Start of Exercise materials
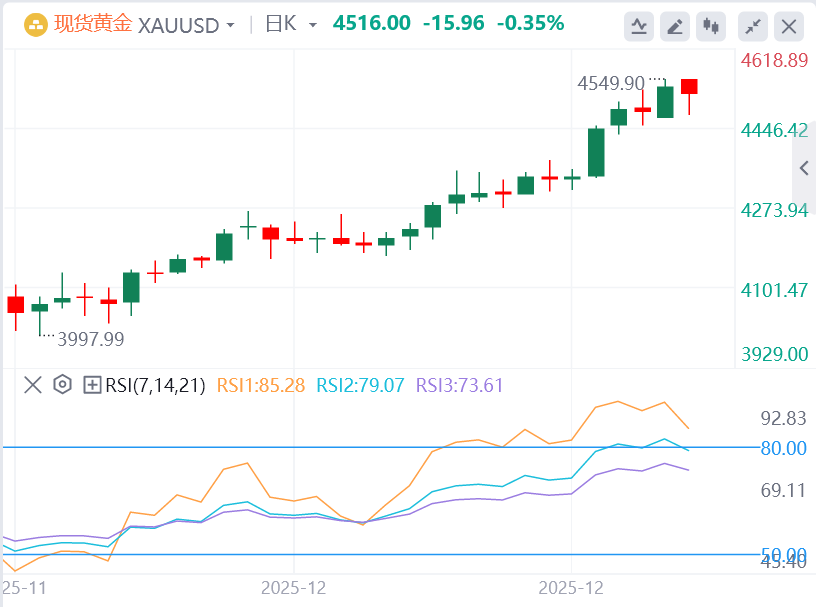 黄金短期震荡不改长期多头格局,日线图呈现"超买但趋势延续"特征。价格稳守100日EMA均线上方,布林带开口扩张预示上行空间犹存,但14日RSI指标超70进入超买区,提示需警惕回调风险。关键阻力位4550美元若被突破,可能挑战4600美元心理关口;支撑方面,12月23日扩张低点4430美元为初步防线,跌破则下看4338-4300美元支撑区。当前技术面呈现"突破-消化-再突破"的震荡上行模式,需关注RSI指标是否形成顶背离及4550美元阻力位突破情况。
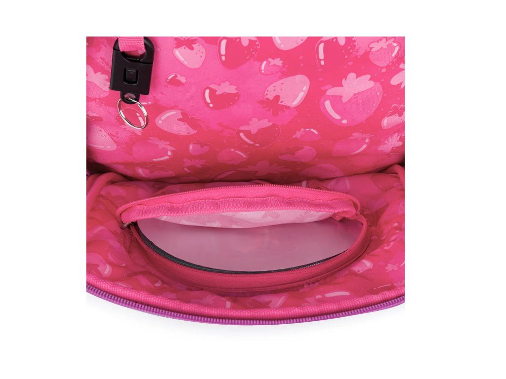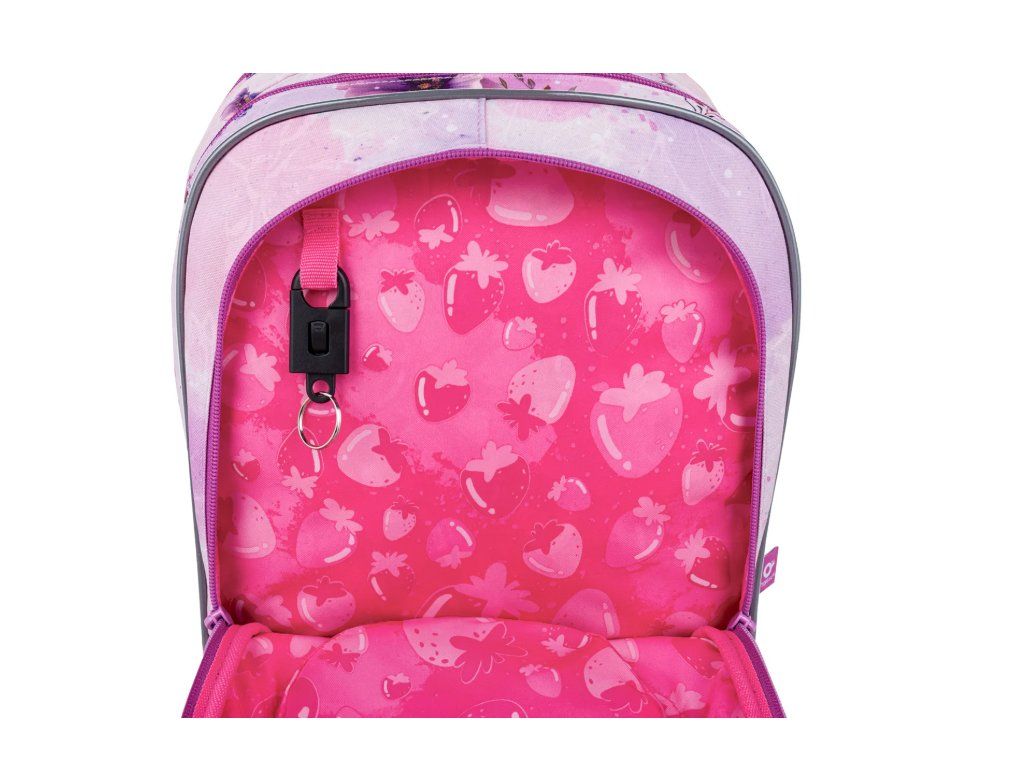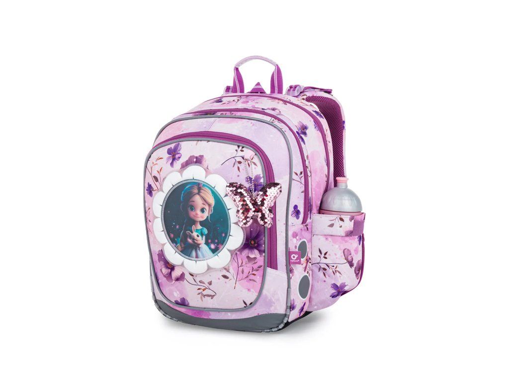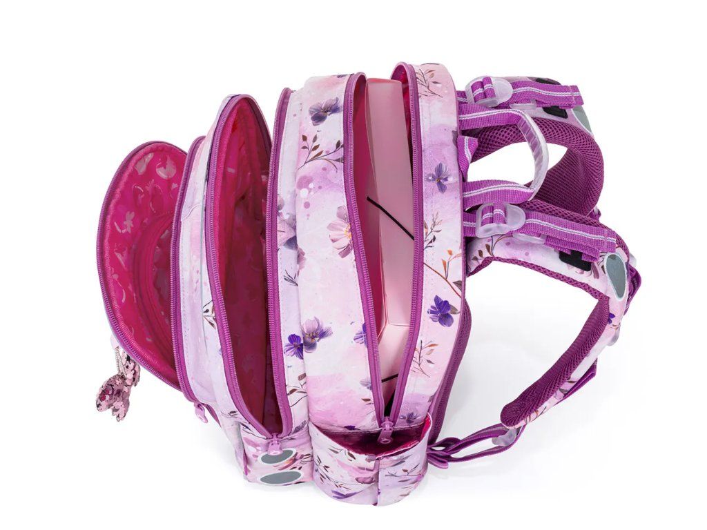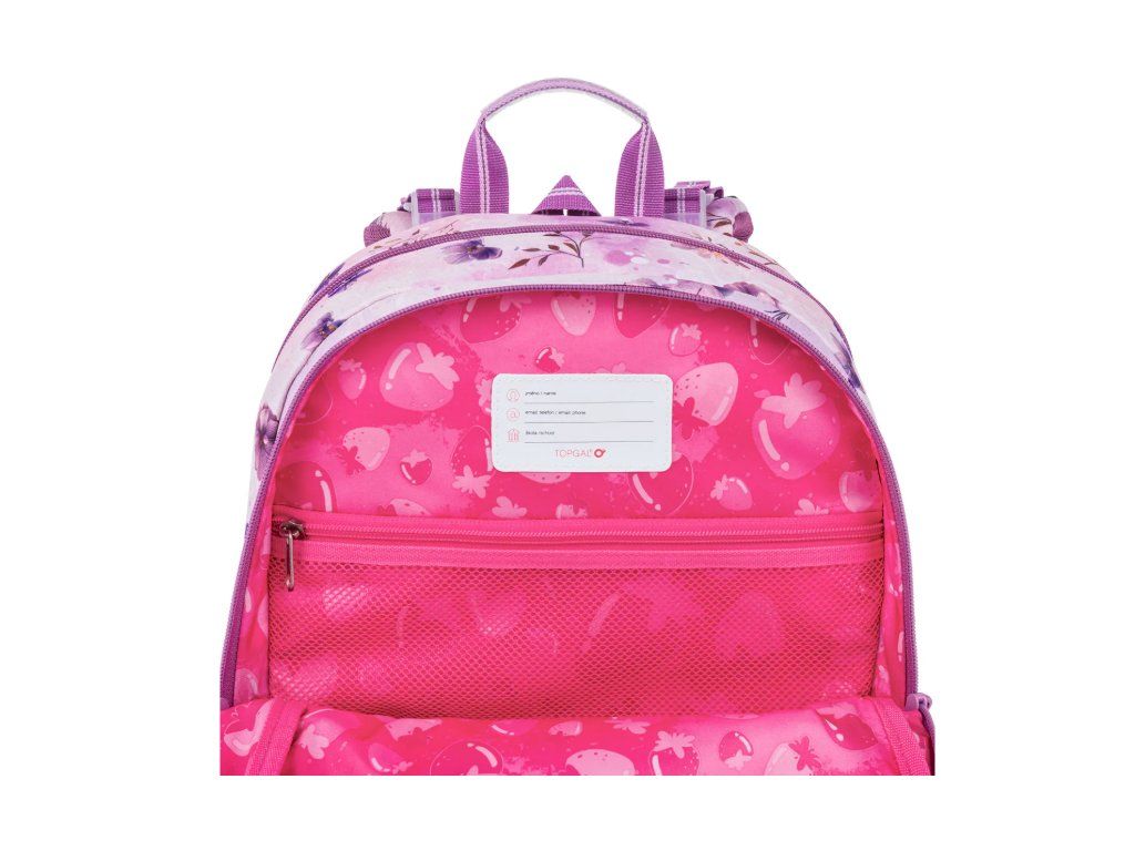 Batoh ENDY nabízí praktické dvoukomorové uspořádání, které malým školačkám pomáhá udržet pořádek bez velkého přemýšlení. Zadní, prostornější komora je ideální pro těžší učebnice a desky na sešity, přední užší komora pak spolehlivě pojme penál, box na svačinu nebo lehčí školní výbavu. Uvnitř nechybí ani síťovaná kapsa na drobnosti. Přední kapsa je vybavena odnímatelnou karabinou na klíče a do boční kapsy se pohodlně vejde lahev na pití o objemu 0,5 l – doporučujeme lahev Topgal ZIVA.
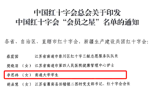 中国红十字会“会员之星”推选活动旨在深入贯彻落实习近平总书记关于群团工作重要论述和红十字事业重要指示精神,推进红十字会组织体系建设,充分发挥会员在红十字事业发展中的主体作用,激发会员参与和支持红十字事业和热情,增强会员的归属感、荣誉感,提升会员工作水平。今年9月起,经地方各级红十字会推选、网上公示,全国501名会员被推选为中国红十字会“会员之星”,南通市4人入选,其中学生仅1人。
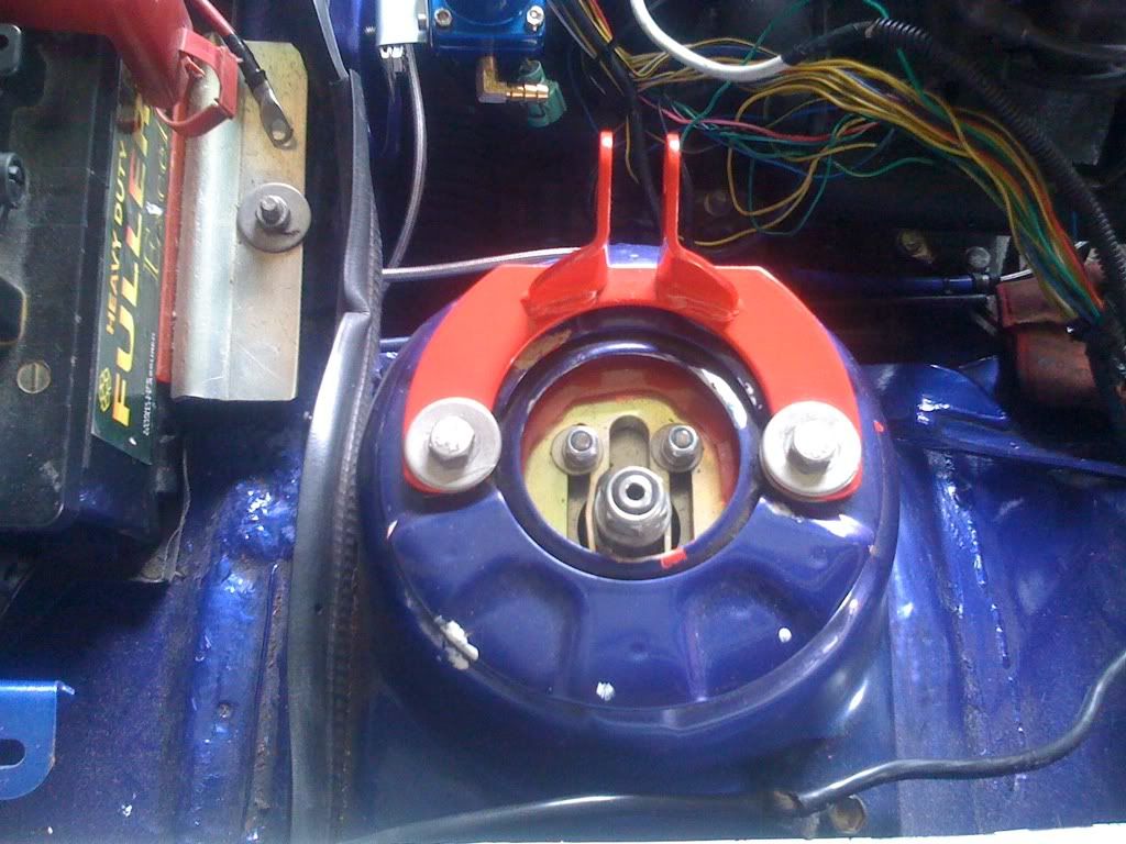 Pic of the top mounts these are not the finished job they are made so the they are adjustable at the mo so we can move them out to suit the wider track and keep the the standard kpi
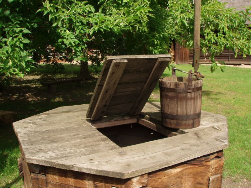 Studnia ośmiokątna z żurawiem z XVIII wieku. Element zagrody karczmarza. Studnia drewniana o konstrukcji zrębowej.
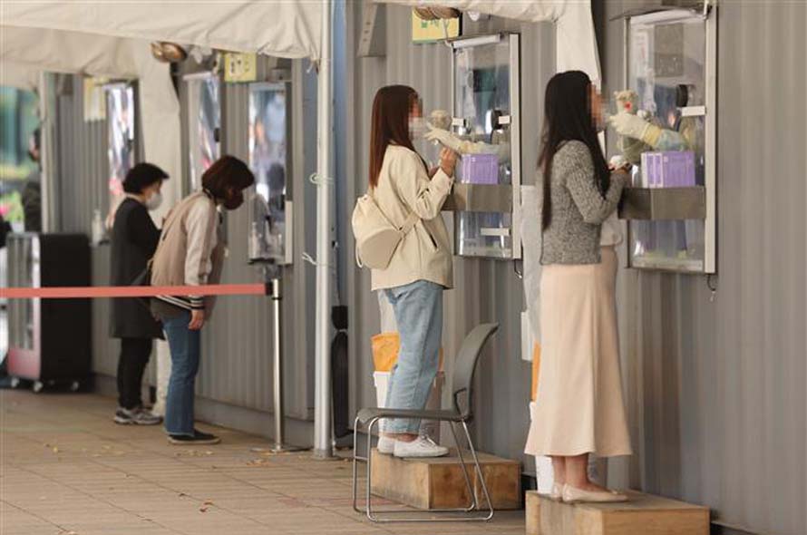 Nhân viên y tế lấy mẫu xét nghiệm COVID-19 cho người dân tại Seoul, Hàn Quốc, ngày 6/11/2021. Ảnh: Yonhap/ TTXVN
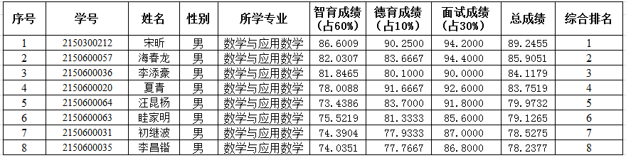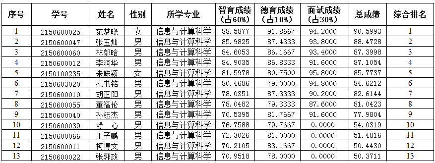2019届一楼一凤 拟推荐(候选)免试攻读硕士研究生成绩排名公示(学术型)
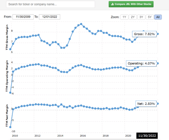 Die durchschnittliche jährliche Wachstumsrate des Nettogewinns von Jabil betrug in diesem Zeitraum 50,4%.
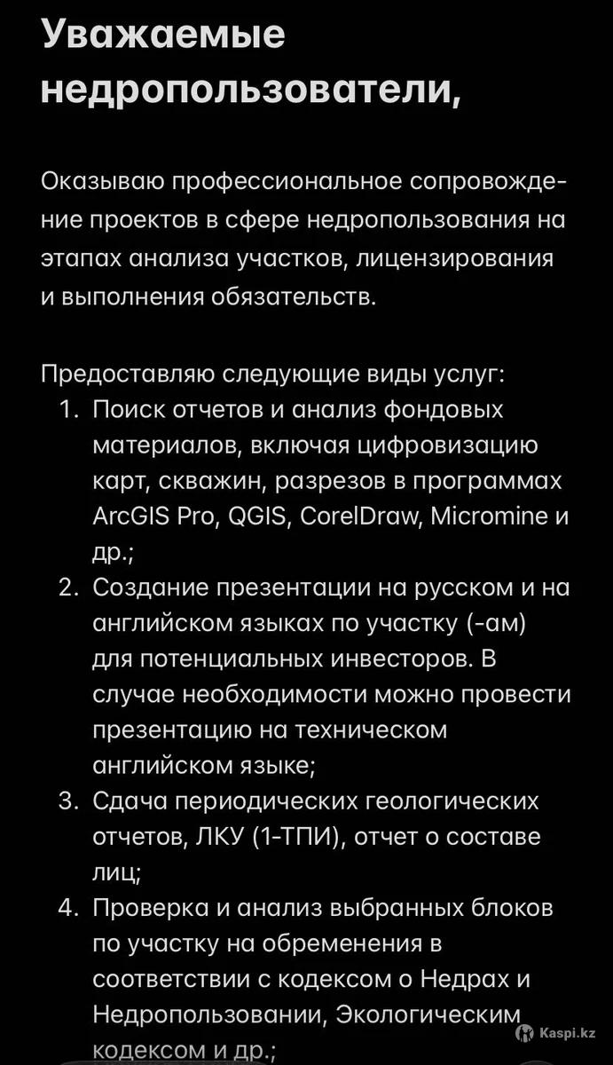Услуги в сфере недропользования
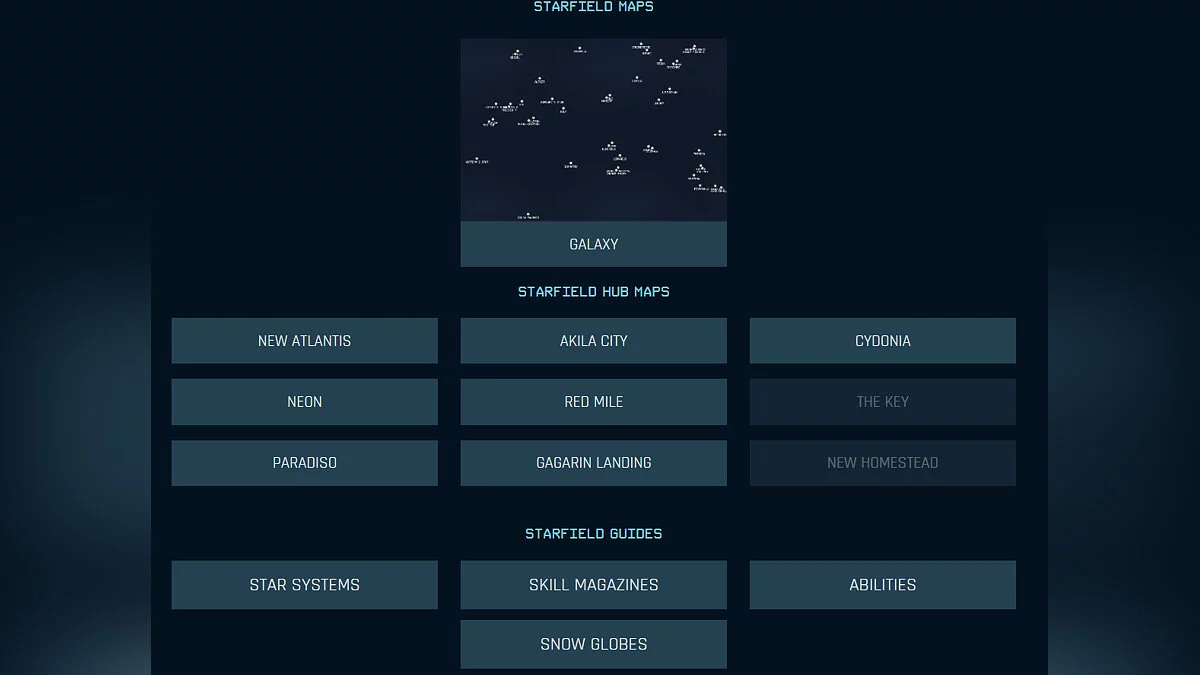 В Starfield мы можем посетить больше тысячи планет в 100 звездных системах, поэтому интерактивная карта для этой игры несколько отличается от привычных. Условно её можно поделить на карту галактики и карты главных локаций.
End of Exercise materials
● **The task**
Each line from the one with "Die durchschnittliche jährliche" through the final line of the records must be copied exactly, with no pictures and no additional lines.

● **Final answer**
 Die durchschnittliche jährliche Wachstumsrate des Nettogewinns von Jabil betrug in diesem Zeitraum 50,4%.
Услуги в сфере недропользования
 В Starfield мы можем посетить больше тысячи планет в 100 звездных системах, поэтому интерактивная карта для этой игры несколько отличается от привычных. Условно её можно поделить на карту галактики и карты главных локаций.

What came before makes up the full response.